Руки ослабляют хватку, но не разжимаются. Я негодующе распахиваю глаза и вижу Штайна, изумлённо глядящего на меня. Почему-то на него падают какие-то оранжево-жёлтые отсветы, но это неважно. Встряхиваю волосами и остервенело бросаю ему в лицо:

– Тебя нет! Всё неправда! Я знаю… Оставь меня в покое! Я слишком устала от лжи!

– Значит, меня сейчас здесь нет? – вкрадчиво уточняет Стефан, и мне хочется разрыдаться от того, каким родным и знакомым звучит эта спокойно-насмешливая интонация. Но я быстро беру себя в руки. Не дам снова поймать себя в ловушку.

– Нет, – убеждённо заявляю и пытаюсь отстраниться, но не тут-то было: морок, выглядящий, как Стефан, держит меня крепко. От этого я распаляюсь только больше и в бешенстве выворачиваюсь, одновременно взметая руки и формируя в ладонях новый заряд Сияния. Одно движение – и я избавлюсь от этого морока навсегда!

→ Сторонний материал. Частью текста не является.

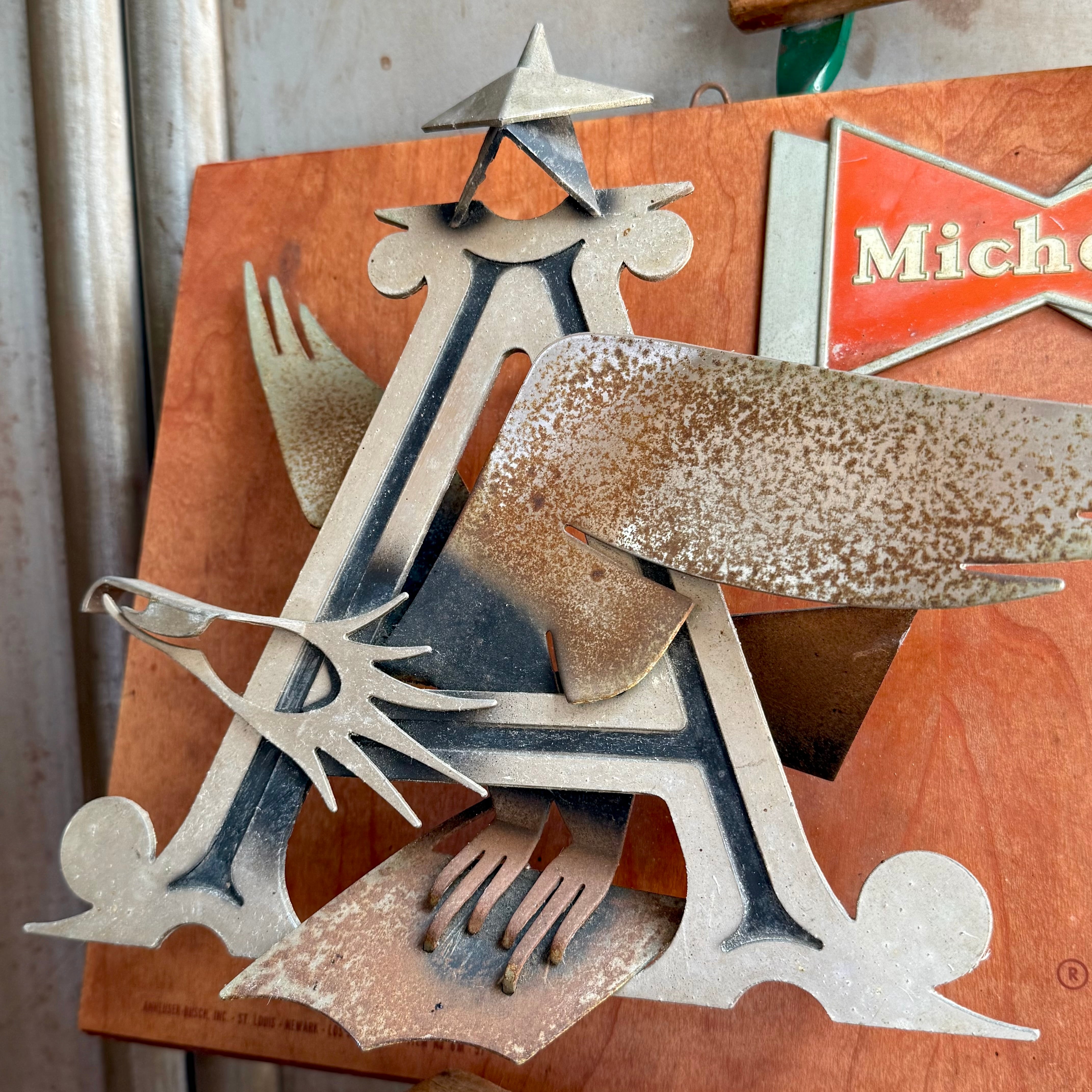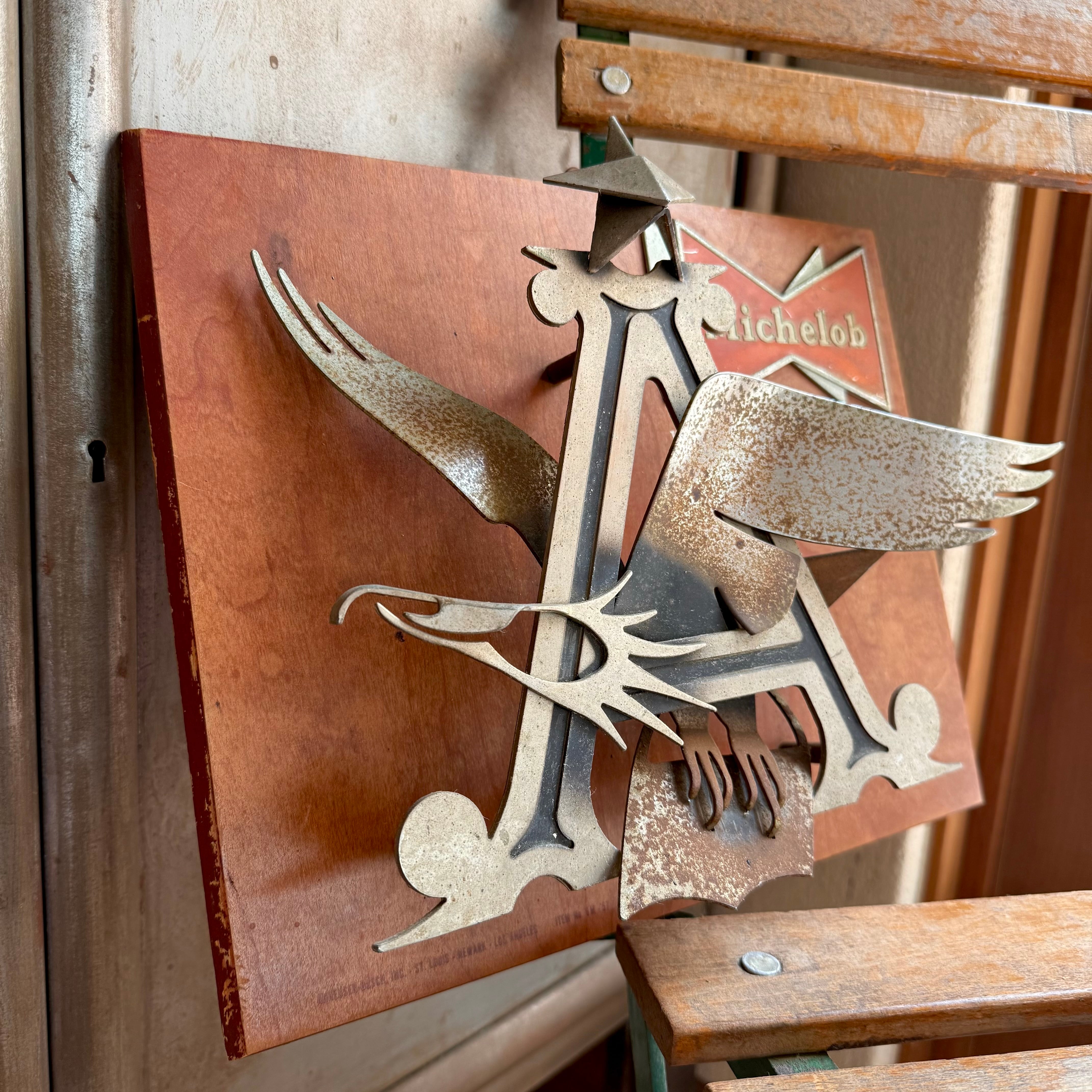 木製の板の上には、1点1点ハンドメイドで仕上げられたと思われる非常にアート性ある仕上がりとなっていて、バドワイザーやミケロブでお馴染みのアンハイザー・ブッシュのアイコンとなる A の文字とイーグルが重なる象徴的なロゴが金属のパーツによって立体感あるオブジェのようなサインとなっています。

Но он не даёт сгустку света сорваться с моих пальцев. Одной рукой морок-Штайн властно накрывает мои ладони, принудительно гася Сияние, а другой – резко притягивает меня к себе.

– Совы-сычи! – шиплю я, – почему это…

Он не даёт мне договорить, просто прижавшись своими губами к моим.

Только тогда я осознаю, что Стефан всё-таки настоящий.

***

Сначала я вообще не поняла, что происходит. Спустя пару мгновений возникло две мысли. Первая – я схожу с ума. Вторая – я сошла с ума, просто потому, что все творящееся вокруг – за гранью осмысленной реальности.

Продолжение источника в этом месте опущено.